Exercise brief:
Retype each entry exactly. Skip any pictures.

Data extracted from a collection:
>>>
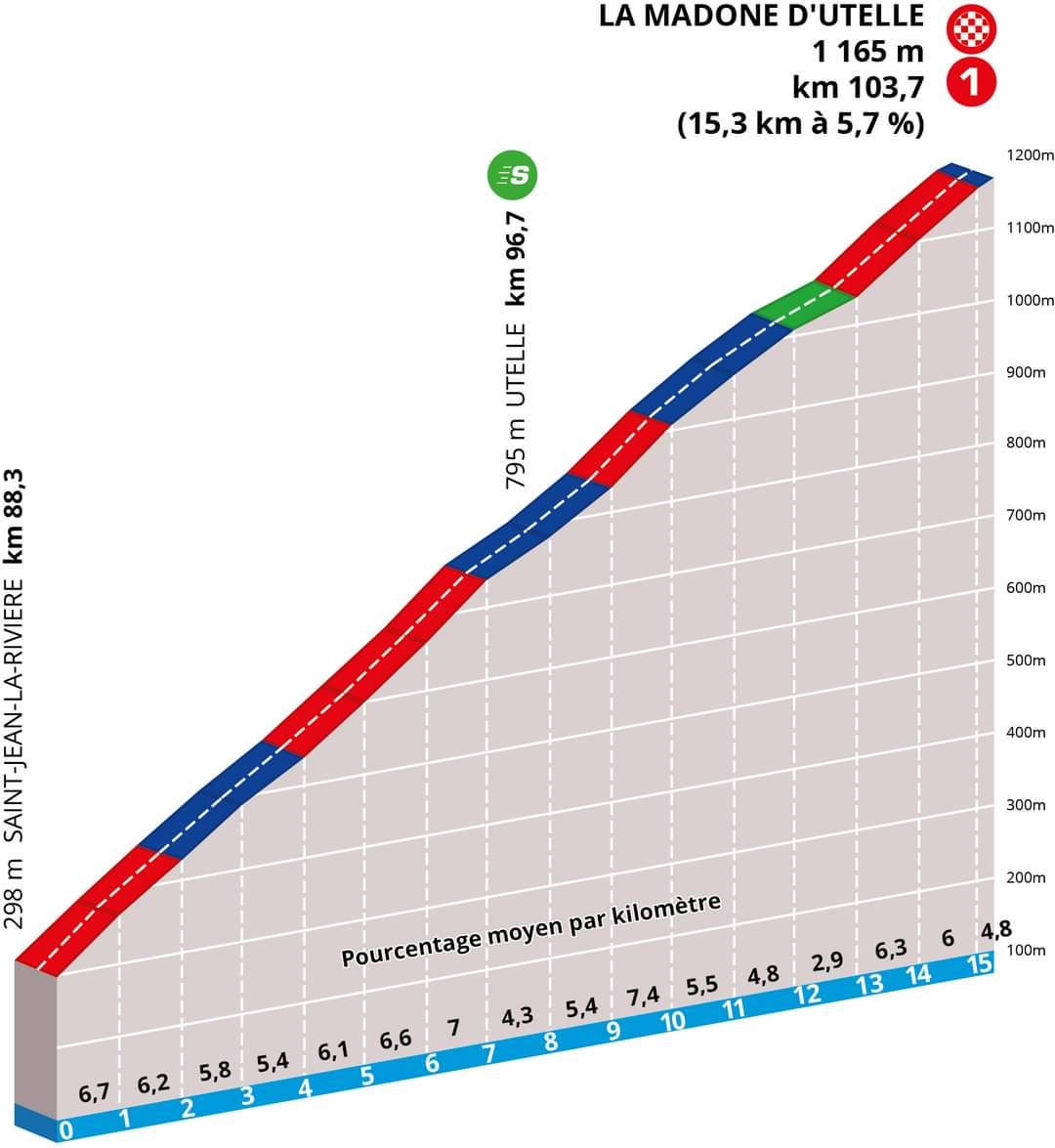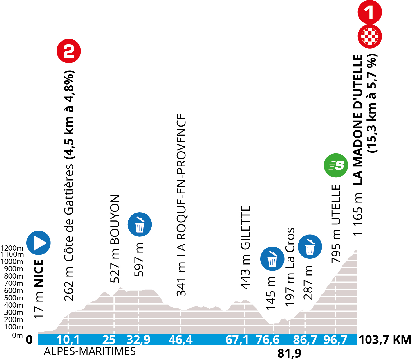 赛事路线。本场比赛赛程103.7公里,从尼斯出发前往拉马东乌特勒山。对于总成绩战线选手而言,这将是决定冠军归属“天王山之战”。拉马东乌特勒山(坡程15.3公里,平均坡度5.7%)非常适合埃菲内普尔和罗格里奇,官方预计二人将展开一场强强对话。
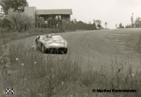 Beim 1000-Kilometer-Rennen 1956 kam Paul Frère auf seinem Jaguar D-Type in der 7 Runde zwischen den Streckenabschnitten
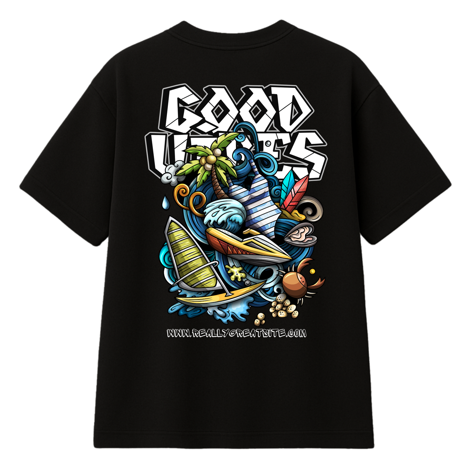 Plonge dans une ambiance estivale unique avec le T-Shirt Good Vibes CHOWBI, une pièce streetwear artistique qui capture l’esprit de la mer, du surf et de la liberté. Son design dynamique mêle vagues, planches de surf, palmiers et éléments marins pour transmettre une énergie positive et moderne.
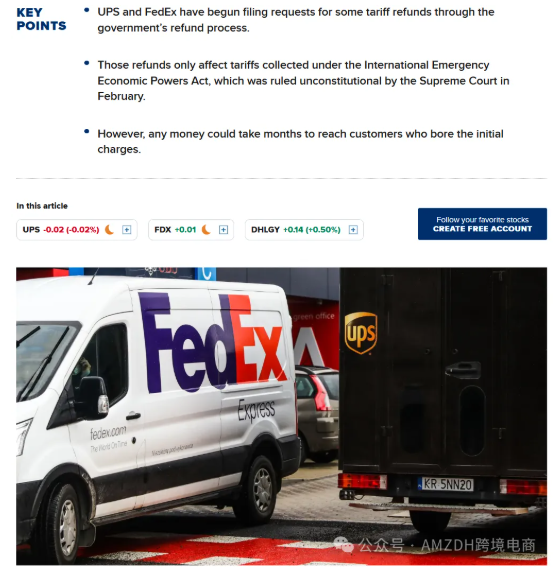 美国最高法院的一纸判决,正在引发一场大规模的“资金回流”。AMZDH获悉,随着美国海关退款门户(CAPE)本周一正式开放,FedEx、UPS、DHL三大物流巨头已正式启动关税退还流程,将对此前被裁定无效的关税进行自动返还。
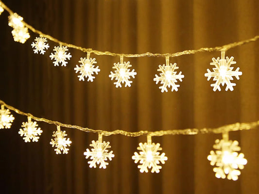 Snowflake Fairy String Lights, Warm White Flashable Battery Powered Lights
<<<
Task solution:
 赛事路线。本场比赛赛程103.7公里,从尼斯出发前往拉马东乌特勒山。对于总成绩战线选手而言,这将是决定冠军归属“天王山之战”。拉马东乌特勒山(坡程15.3公里,平均坡度5.7%)非常适合埃菲内普尔和罗格里奇,官方预计二人将展开一场强强对话。
 Beim 1000-Kilometer-Rennen 1956 kam Paul Frère auf seinem Jaguar D-Type in der 7 Runde zwischen den Streckenabschnitten
 Plonge dans une ambiance estivale unique avec le T-Shirt Good Vibes CHOWBI, une pièce streetwear artistique qui capture l’esprit de la mer, du surf et de la liberté. Son design dynamique mêle vagues, planches de surf, palmiers et éléments marins pour transmettre une énergie positive et moderne.
 美国最高法院的一纸判决,正在引发一场大规模的“资金回流”。AMZDH获悉,随着美国海关退款门户(CAPE)本周一正式开放,FedEx、UPS、DHL三大物流巨头已正式启动关税退还流程,将对此前被裁定无效的关税进行自动返还。
 Snowflake Fairy String Lights, Warm White Flashable Battery Powered Lights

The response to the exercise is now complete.